Previously, the Economist magazine reported that fake research and academic papers industry in China generated $150 Million a year.
Source: Margaret Munro, “China’s academic ‘black market’ fooled Canadian journal, report says,” Province, November 28, 2013.
Police in Macedonia arrested a man who was selling counterfeit degrees to the State University of Tetovo, a legitimate university.
The man was selling the fake degrees to customers located in Italy for $34,000 (€25,000).
Educational officials and security agencies reported that between 18 counterfeit university diplomas and 49 fake high school diplomas have been seized in Macedonia between 2008 and 2012.
Source: Miki Trajkovski, “Police planning to stop counterfeit degrees,” SETimes.com, November 28, 2013.
The Royal Canadian Mounted Police saw an increase in the number of cases involving harmful counterfeit goods between 2005 and 2013.
In 2005, harmful counterfeits were involved with 11.5 percent of cases. By 2012, there were over 200 cases, or 30.4 percent of cases, that involved harmful fakes of toys, drugs, cosmetics, batteries and electronics.
In 2012, the counterfeit good that was most seized by the RCMP was counterfeit clothing and shoes, which accounted for 45 percent of all counterfeits seized, followed by pirated movies and music with 20 percent.
Source: Rita Demontis, “Beware of counterfeit goods on Black Friday,” Toronto Sun, November 28, 2013.
Romania’s Custom Service stated in a report that about 50 percent of all “brand name” products that are available for sale in retail shops in Romania are actually counterfeit.
Counterfeit goods from China enter the Romania market through smuggling routes that pass through Moldova and Ukraine.
Some of the items seized by security services in 2013 included thousands of counterfeit Bulgari, Patek Philippe and Rolex watches, as well as counterfeit cosmetics destined for the Britain market. Romania also has the highest number of counterfeit toys seized within its border each year.
The country has also become the starting point for smugglers moving contraband across European Union members.
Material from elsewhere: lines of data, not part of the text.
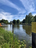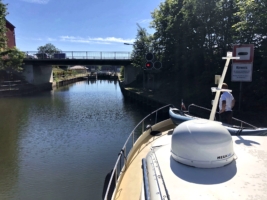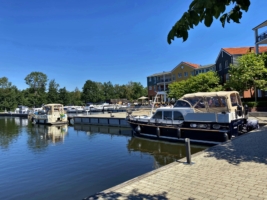Wir frühstücken und fahren zurück zu unserer Heimatmarina, wo wir Schmutzwasser abgeben und frisches aufnehmen. Zwischenzeitlich fahren wir Mädels schnell die Vorräte auffüllen und gegen mittag legen wir auch schon wieder ab und nehmen dieses mal die andere Richtung. Auch hier – gleich am Ende des Sees – kommt eine Schleuse. Vor dieser hat unser Hafenmeister uns gewarnt, dass man als Anfänger nicht unbedingt gleich hier rein sollte. Mutig, da wir ja nun schon mehrere Schleusen hinter uns haben, fahren wir ein. Okay, wir wissen schnell, was er meint. Die Bugwelle ist schon stark und die Crew gibt alles, das Boot still zu halten. Alle Achtung!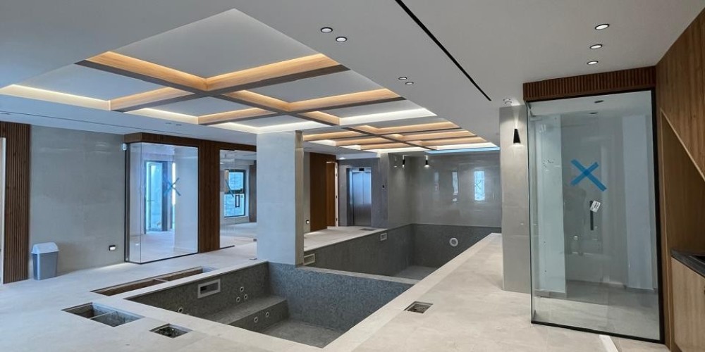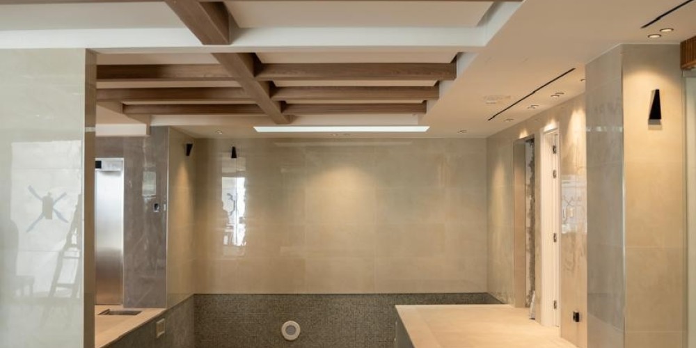 The house spans 4 floors, with large covered verandas and a rooftop garden with a BBQ area. It includes indoor and outdoor saltwater swimming pools (indoor is heated), a 10-person jacuzzi, and a spacious sauna. The property also features a gym, laundry room, 35 sqm playroom, home cinema with a 4K projector and audio system, and a server room.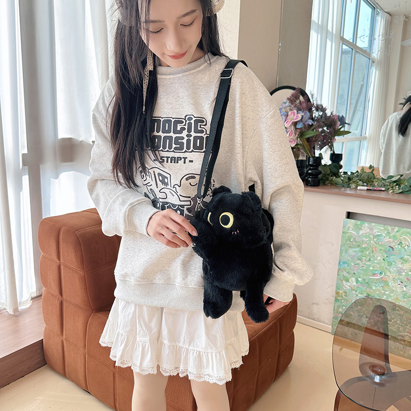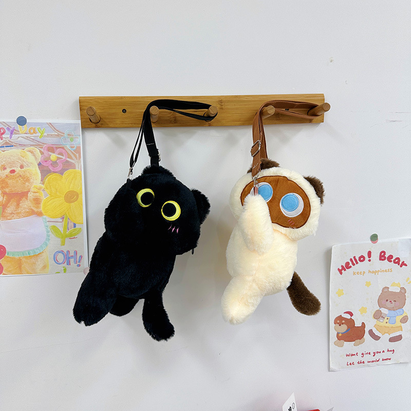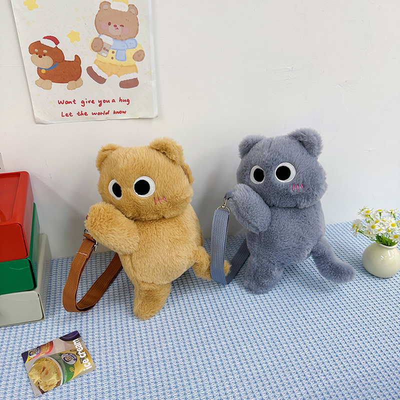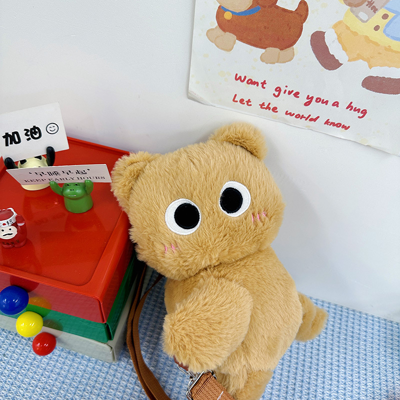 厂家直销小猫咪趴趴斜跨毛绒玩具包玩偶零钱包大容量少女心单肩包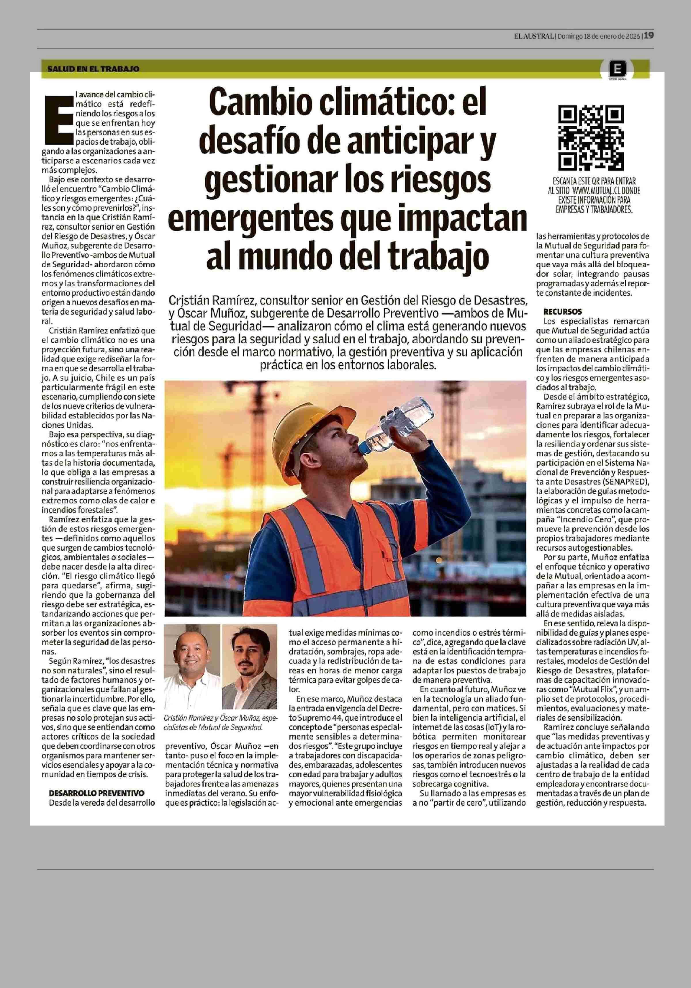 Cambio climático: el desafío de anticipar y gestionar los riesgos emergentes que impactan al mundo del trabajo 18-01-2026 El Austral de la Araucanía |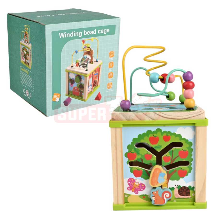 Taxta interaktiv qutu uşaqların erkən yaş dövründə zehni və fiziki inkişafını dəstəkləmək üçün hazırlanmış çoxfunksiyalı öyrədici oyuncağıdır. Üst hissəsində yerləşən rəngli bead maze (tel üzərində muncuqlar) uşağın əl-göz koordinasiyasını, diqqətini və incə motor bacarıqlarını inkişaf etdirir. Yan tərəflərdəki sürüşən fiqurlar və uyğunlaşdırma yolları məntiqi düşünmə və səbəb-nəticə əlaqəsini formalaşdırmağa kömək edir. Təbii taxtadan hazırlanmış bu oyuncaq təhlükəsizdir və uzunmüddətli istifadəyə uyğundur. Ev şəraitində, bağçada və erkən inkişaf məşğələləri üçün ideal seçimdir. Bu məhsulu Supertoys mağazalarından və onlayn satışdan əldə edə bilərsiniz.
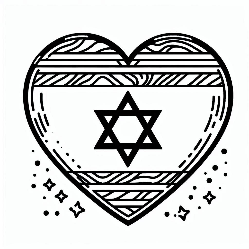 ציור של לב עם דגל ישראל לצביעה, איור של לב עם דגל ישראל להדפסה לצביעה לילדים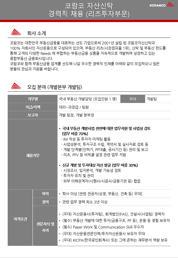 [코람코자산신탁] 리츠투자부문 개발본부 경력직 채용(~2/22)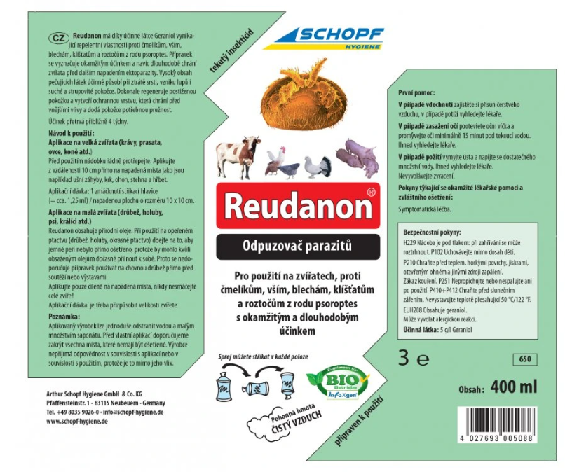 BIO roztok ve spreji proti čmelíkům, blechám, klíšťatům SCHOPF REUDANON AEROSOL
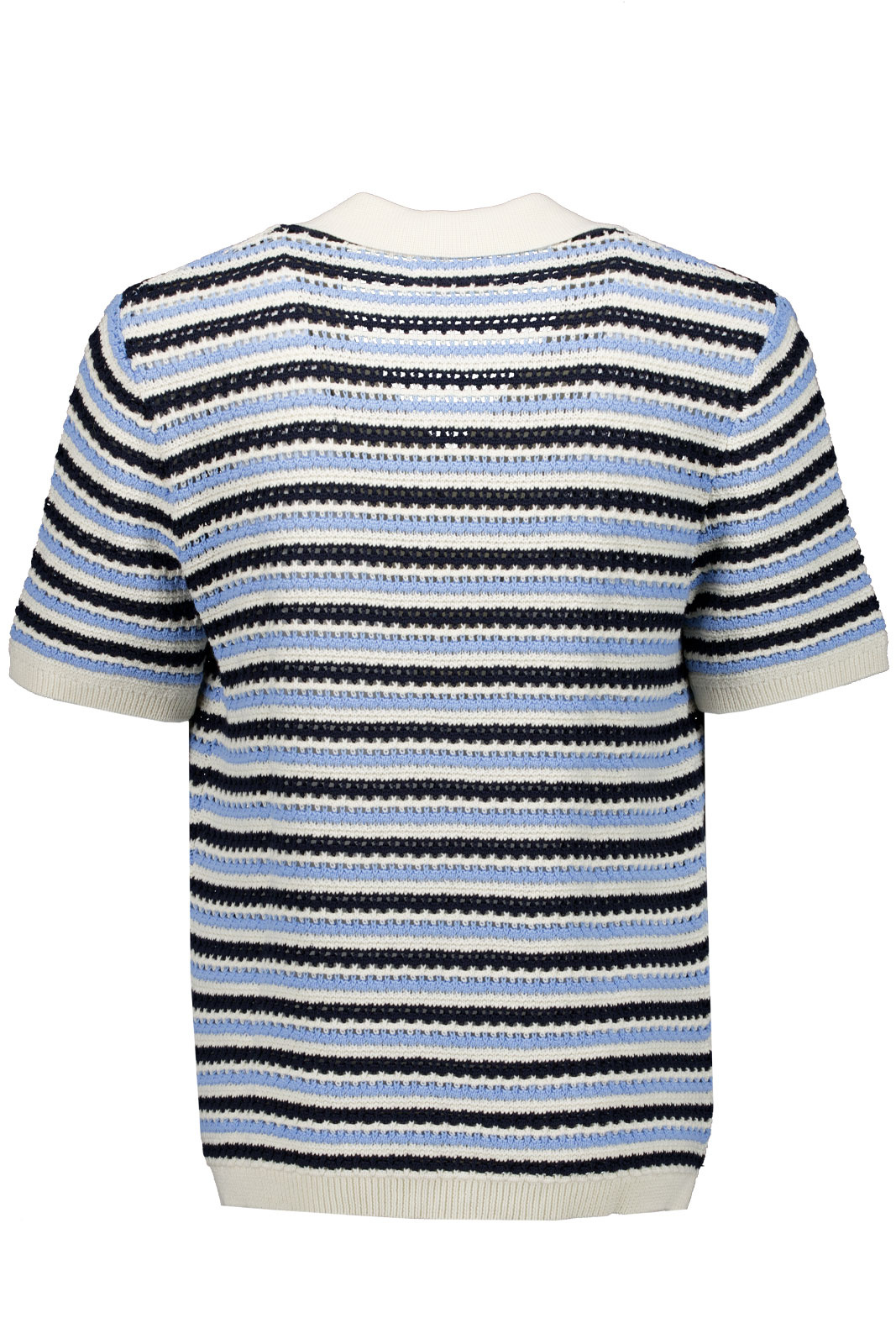 Henry Ss 6636 Tröja från NN07 är en kortärmad stickad tröja i normal passform för herrar som söker en tidlös, bekväm bas i garderoben. Tillverkad i 100% ekologisk bomull erbjuder den ett mjukt, komfortabelt fäste mot huden och ett hållbart val som gör vardags- och vardagsjobbets outfits enklare. Den klassiska bowlingkragen ger ett sportigt men ändå sofistikerat intryck, medan en främre knappknäppning ger frihet att variera stilen efter tillfälle. Slutligen bidrar muddarna i ärmslut och nedtill till bred ribbstickning som håller passformen och ger en ren, avslutad look.

Fake luxury goods, smuggled tobacco and illicit drugs are smuggled from Turkey through Bulgaria and into Turkey on its way to various EU markets.
Source: Jon Coates, “Britain to be hit with a flood of fake goods as migrants swarm in,” Sunday Express, November 24, 2013.
According to a news report in Tampa, Florida, the profit margin for selling a single counterfeit lipstick from popular makeup company MAC could be as high as $10.
The investigative news team for ABC Action News in Tampa bought a MAC lipstick off of eBay for $13. According to MAC employees, the lipstick was fake. The legitimate version sells for $15 in MAC retail stores.
When the reporters contacted the counterfeit lipstick seller on eBay, she directed them to the name of a website from China where she bought her inventory. On that website, the price to purchase the lipstick from China was less than one dollar.
Source: Adam Walser, “Counterfeit MAC makeup prevalent in Bay area,” ABC Action News, November 21, 2013.
The news program Four Corners in Australia reported that human smugglers sell passports and visa documents to Australia for $15,000 (16,000 AUD). The black market sellers claimed that a recent customer purchased a valid visa and passport issued by Bahrain, and was able to use the documents to board a plane to Australia.
The smugglers tell their customers to rip up the passport and visa on the plane before landing in Australia. Once on Australian soil, the person is able to apply for asylum.